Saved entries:
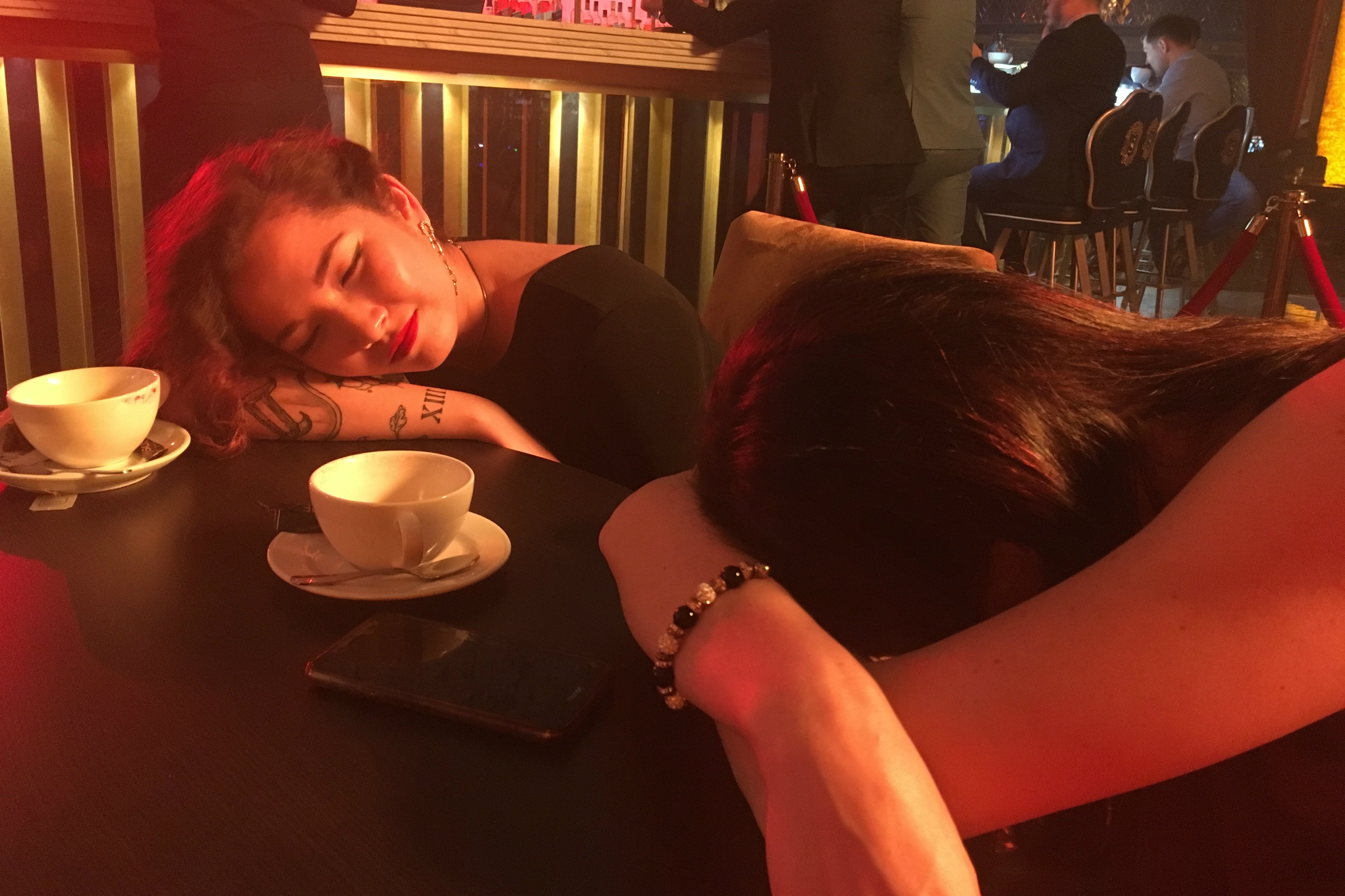 «Я, наверное, сдохну здесь! По два часа сплю. У меня в казино уже четвертые съемки, а вообще в проекте — шестые, — с улыбкой капризно закатывает глаза к потолку девушка в очках и в длинном кардигане. Несмотря на жалобы, видно, что ей происходящее скорее нравится: девушка с явным удовольствием рассказывает, как вчера ее с подружками отправили на несколько часов на улицу — изображать посетительниц, выходящих из казино.
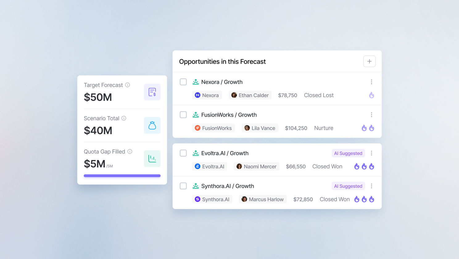 Turn every rep into a top performer with AI-driven coaching, get forecasts you can trust, and plan for any scenario with real-time insights—so your team makes smarter, data-backed decisions every step of the way.
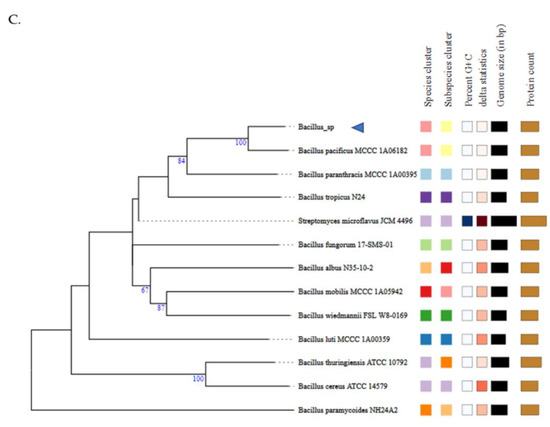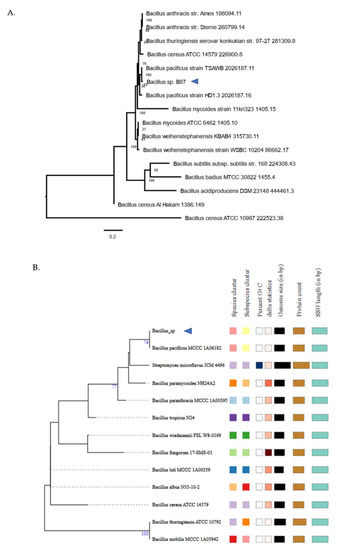 A phylogenomic tree based on the core genes was generated with PATRIC Phylogenetic Tree Building Service [23]. The default was set for codon trees, which utilizes both the protein and gene sequences from PATRIC’s global protein families (PGFams). Protein sequences were aligned using MUSCLE, and the nucleotide coding gene sequences were aligned using the Codon_align function of BioPython. A concatenated alignment of all proteins and nucleotides was converted to a phylip formatted file, and then a partitions file for RaxML was constructed. Support values were created using 100 rounds of the “Rapid” bootstrapping option of RaxML. The phylogenomic classification of Bacillus sp. B87 was also performed using the Type (strain) Genome Server (TYGS), a free bioinformatics platform for a whole-genome-based taxonomic analysis [24].
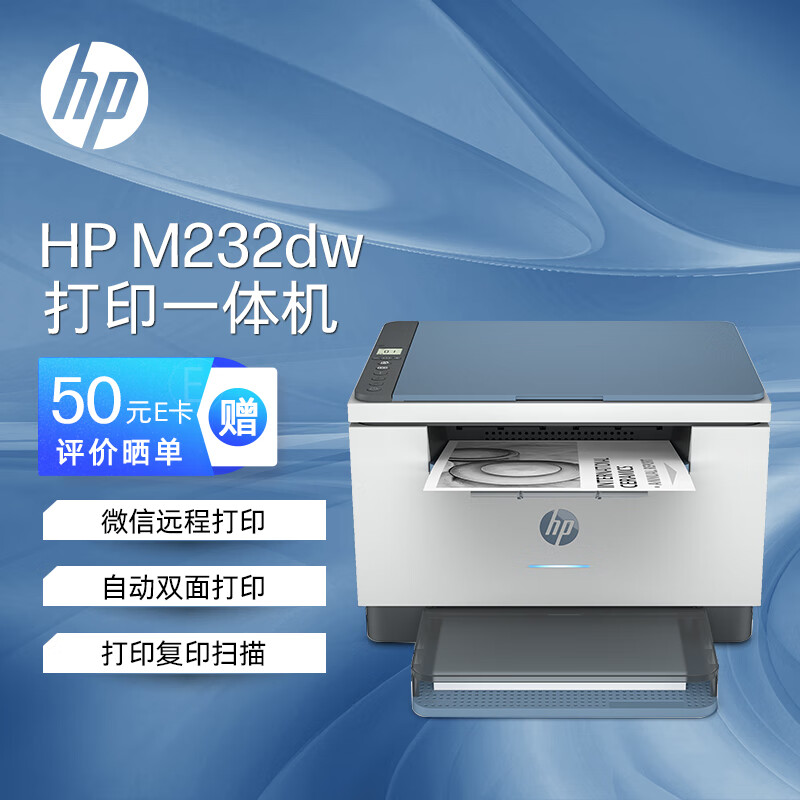惠普(HP)M232dw 自动双面无线激光打印机 学生家用 高速高效(低成本 体积小)(跃系列)价格:1299.00元!
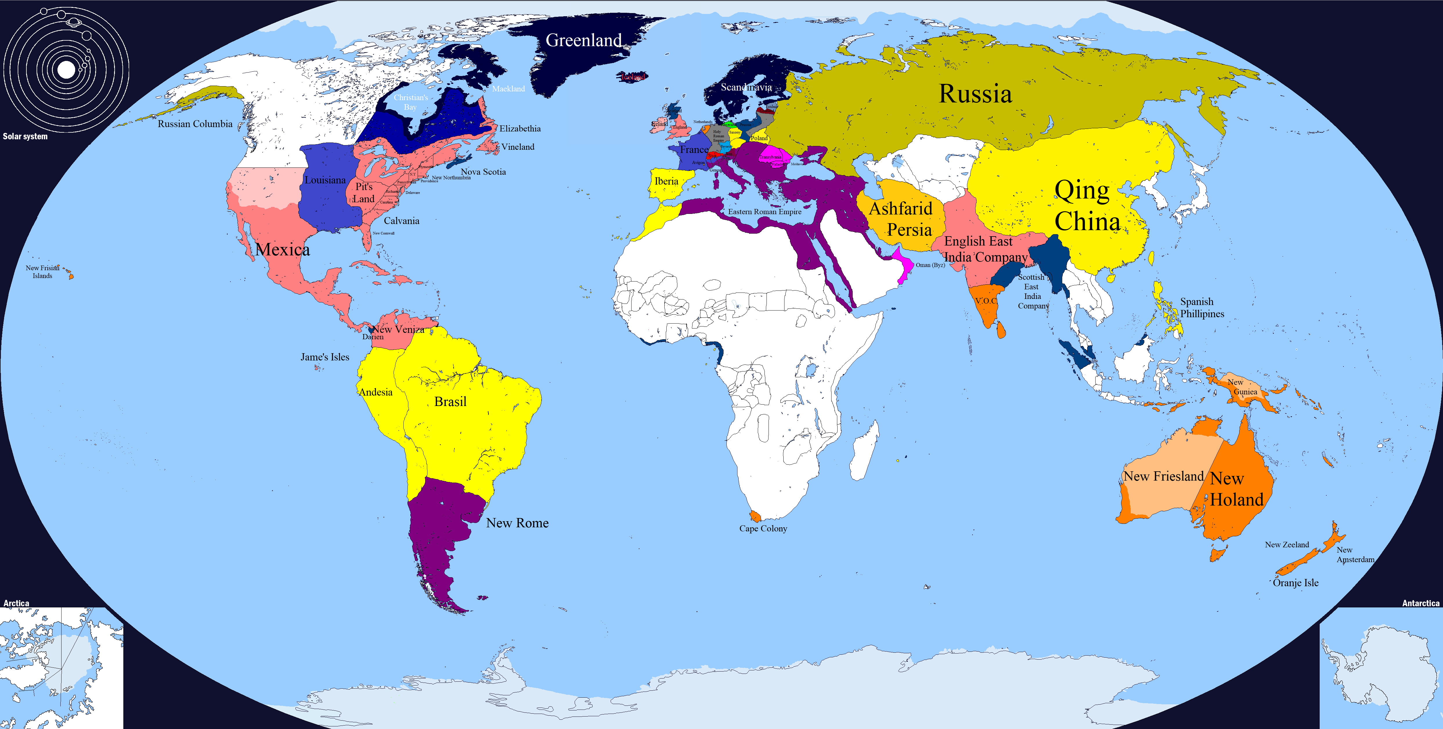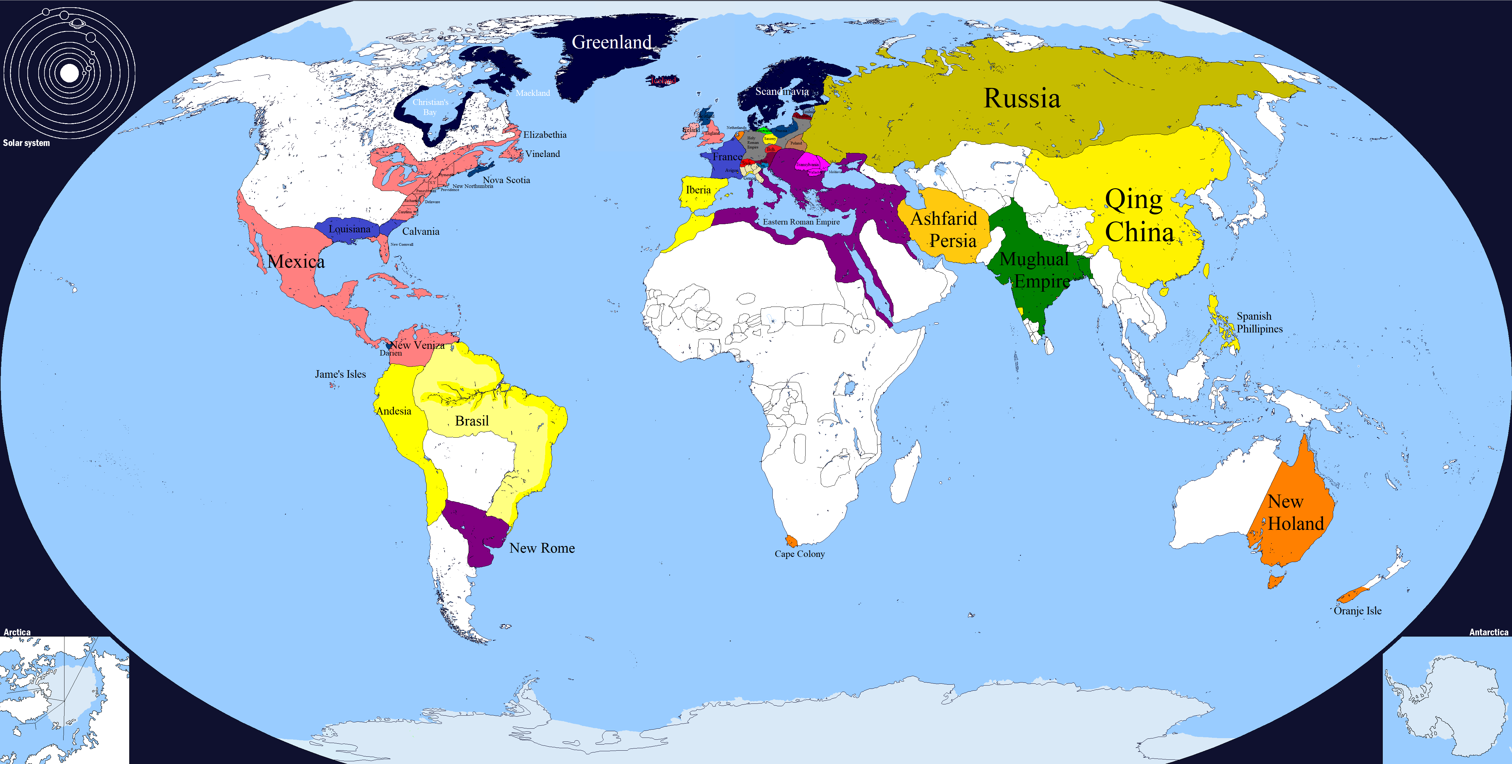 In 2002, the Arab tribes united under Mohamed Fareed al-Ally, establishing the Sultanate of Arabia. A brief war ensued with the Byzantines, resulting In minor territorial concessions. In the same year, a constitutional monarchy is established in Muscovy after the Kyiv and Novgorodian Revolutions. This lead to the deposed prince fleeing to independent Alyaska.

--- WORK TO BE COMPLETED ---
Only one thing is wanted here, an exact copy of the lines from the first line above through the line containing "Turn every rep", minus any picture.

--- EXPECTED ANSWER ---
 «Я, наверное, сдохну здесь! По два часа сплю. У меня в казино уже четвертые съемки, а вообще в проекте — шестые, — с улыбкой капризно закатывает глаза к потолку девушка в очках и в длинном кардигане. Несмотря на жалобы, видно, что ей происходящее скорее нравится: девушка с явным удовольствием рассказывает, как вчера ее с подружками отправили на несколько часов на улицу — изображать посетительниц, выходящих из казино.
 Turn every rep into a top performer with AI-driven coaching, get forecasts you can trust, and plan for any scenario with real-time insights—so your team makes smarter, data-backed decisions every step of the way.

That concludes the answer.